Mark Warner obituary

Pioneering physicist whose study of elastomers opened up new technology for creating artificial muscles

We are all familiar with elastic bands and other soft, rubbery materials, but familiarity should not diminish our surprise at their properties. What other solids can be stretched many times their original length without breaking, then returned perfectly to their original shape?
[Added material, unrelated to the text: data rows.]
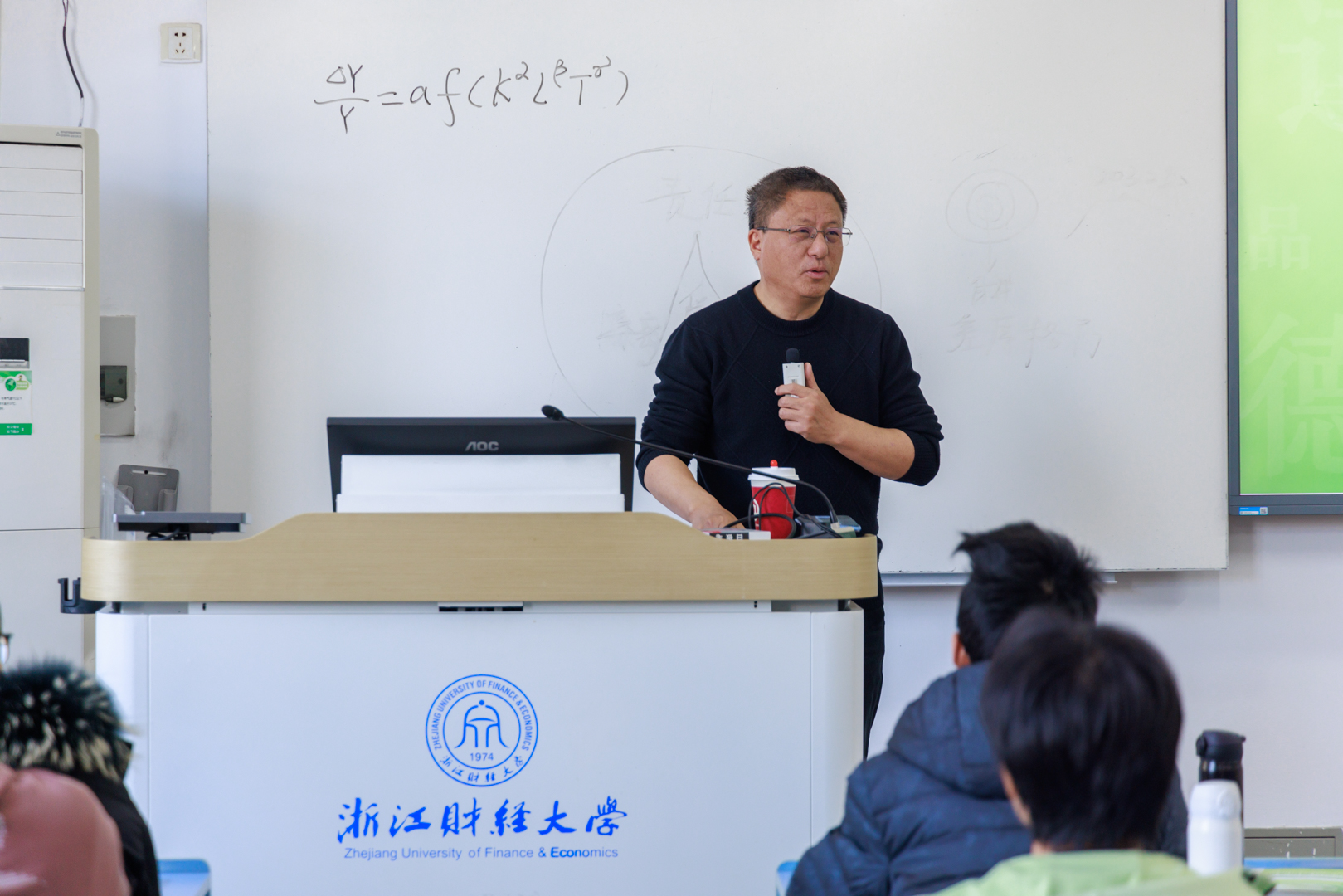 围绕“如何发展实体经济”这一核心命题,魏江书记借助由诺贝尔经济学奖得主罗伯特·索洛(Robert Solow)提出的增长理论进行了现实破题。他引用了该理论中旨在分解增长源泉的核心公式,即产出增长(ΔY/Y)来源于技术进步(L)、资本增长(K)与劳动增长(L)的组合贡献。资本层面,他强调要降低对传统资源的过度依赖,引导资本投向更高效、可持续的领域,这与浙江深入践行“八八战略”中的“绿水青山就是金山银山”理念完全吻合;劳动力层面,他提到浙江作为重要人才流入地,持续吸引汇聚全国的年轻人才,为高质量发展提供了丰富的人力资本和创新能力;技术层面,他认为这是培育新质生产力的核心引擎。魏江书记阐明科技创新如何驱动产业升级,并同时激活国内消费与对外开放两大市场。他指出,一个高效的社会主义市场经济体系是支撑这一切的运行基础,而实现区域平衡、提升人民获得感的生态文明建设则是发展的最终目标,两者在浙江的深入实践中得到统一。
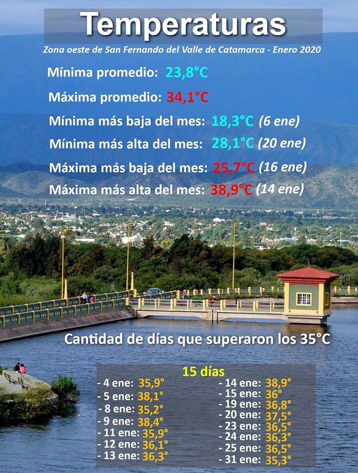 La ciudad de San Fernando del Valle de Catamarca, al estar enclavada en un gran valle a baja altitud, las temperaturas siempre serán mayores. Aún así, en este enero no alcanzamos los 40° en ningún día, pues como ven, la temperatura más alta registrada fue de 38,9°C en la zona oeste y 39,1° en la zona este. Lo que sí se puede destacar, es que el promedio mensual, tanto de mínimas como de máximas, ha sido superior a enero del año pasado. En 2019, el promedio de mínimas fue de 20,8°, mientras que el promedio de este enero de este año fue de 23,8°. Por su parte, el promedio de las máximas en enero 2019 fue de 33° y en enero último fue de 34,1°.
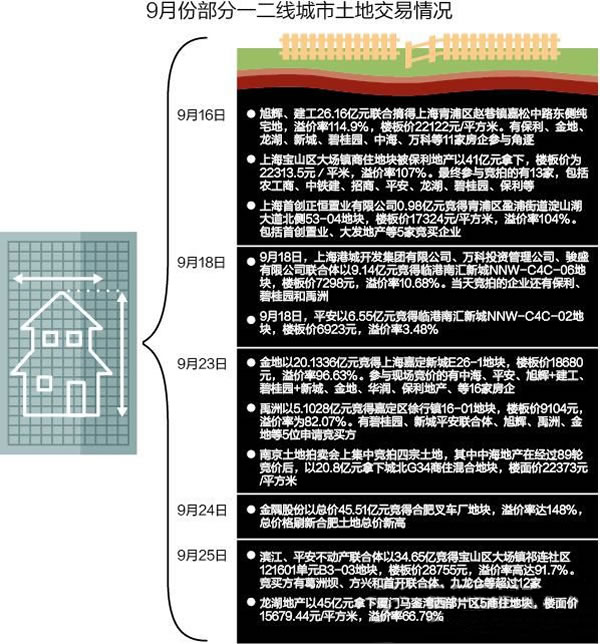 同樣的情況也發(fā)生在其他城市。9月23日,南京土地拍賣(mài)會(huì)上集中競(jìng)拍四宗土地,其中中海地產(chǎn)在經(jīng)過(guò)89輪競(jìng)價(jià)后,以20.8億元拿下城北G34商住混合地塊,樓面價(jià)22373元/平方米,創(chuàng)造了南京的樓面價(jià)新高。9 月24日,金隅股份以總價(jià)45.51億元競(jìng)得合肥叉車廠地塊,溢價(jià)率達(dá)148%,總價(jià)格創(chuàng)下合肥土地總價(jià)新高。在廈門(mén),9月25日一向行事穩(wěn)健的龍湖地產(chǎn)以45億元拿下廈門(mén)馬鑾灣西部片區(qū)5商住地塊,樓面價(jià)15679.44元/平方米,溢價(jià)率66.79%,無(wú)論是總價(jià)還是樓面價(jià)格都創(chuàng)造了廈門(mén)當(dāng)?shù)氐男赂摺?/FONT>
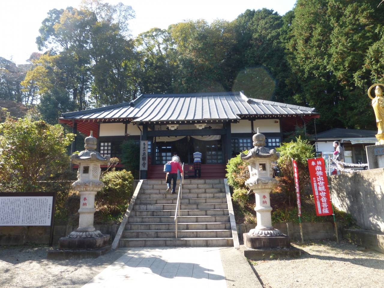 起伏有る地形です。金閣寺のような形で銀色屋根の建物が見えてきました。これが百体観音堂です。
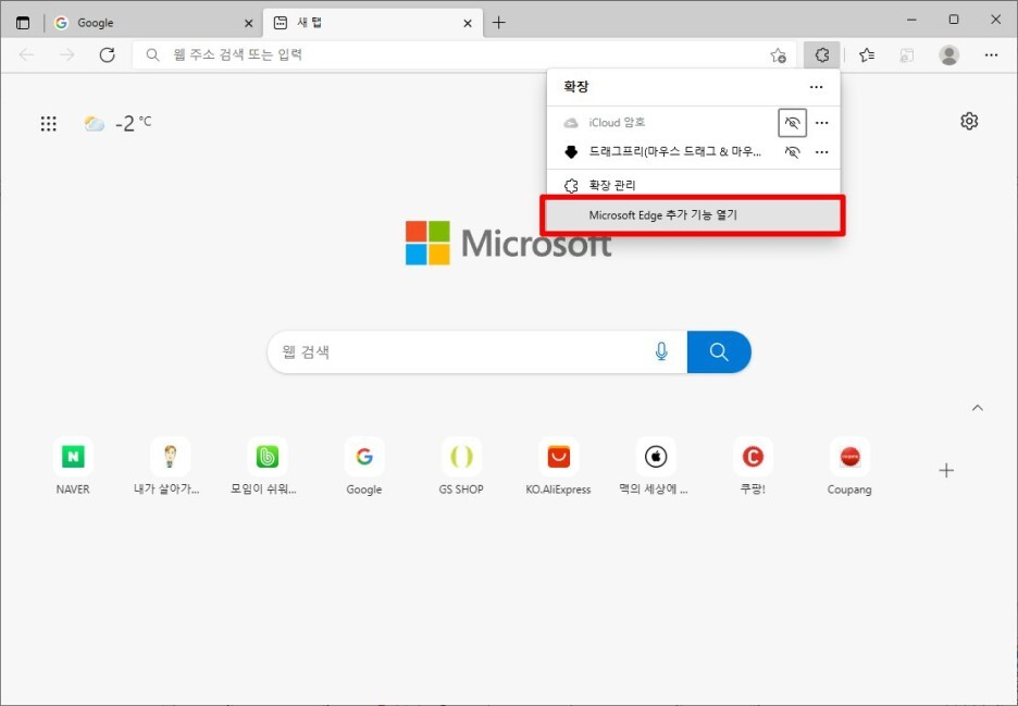 마이크로소프트 엣지의 시작페이지를 구글로 변경하여 사용하고 있지만, 새탭을 열면 Bing 검색창이 있는 엣지의 기본 새탭 페이지가 열립니다.

The theoretical physicist Mark Warner, who has died aged 69 of cancer, not only explained the behaviour of existing soft materials but also predicted the existence and properties of entirely new classes of them – not just once but several times. He imagined the consequences of combining the long, chainlike molecules that make up “elastomers”, such as rubber, with the smaller, rodlike molecules that are found in all liquid-crystal displays, for example on smartphones.

By intuitive reasoning and theoretical calculation he realised that when flexible chains and rods are linked (rather like a multi-pendant necklace) they form materials with entirely new emergent properties, that defy simple classification into one of the traditional states of matter. Though solid overall, these “liquid crystal elastomers” show extreme softness in specific, liquid-like directions.

His subsequent calculations predicted that by incorporating certain dye molecules, they could be made to completely change shape in response to weak stimuli, including visible light. This has opened a new technology for creating optically actuated switches and artificial muscles.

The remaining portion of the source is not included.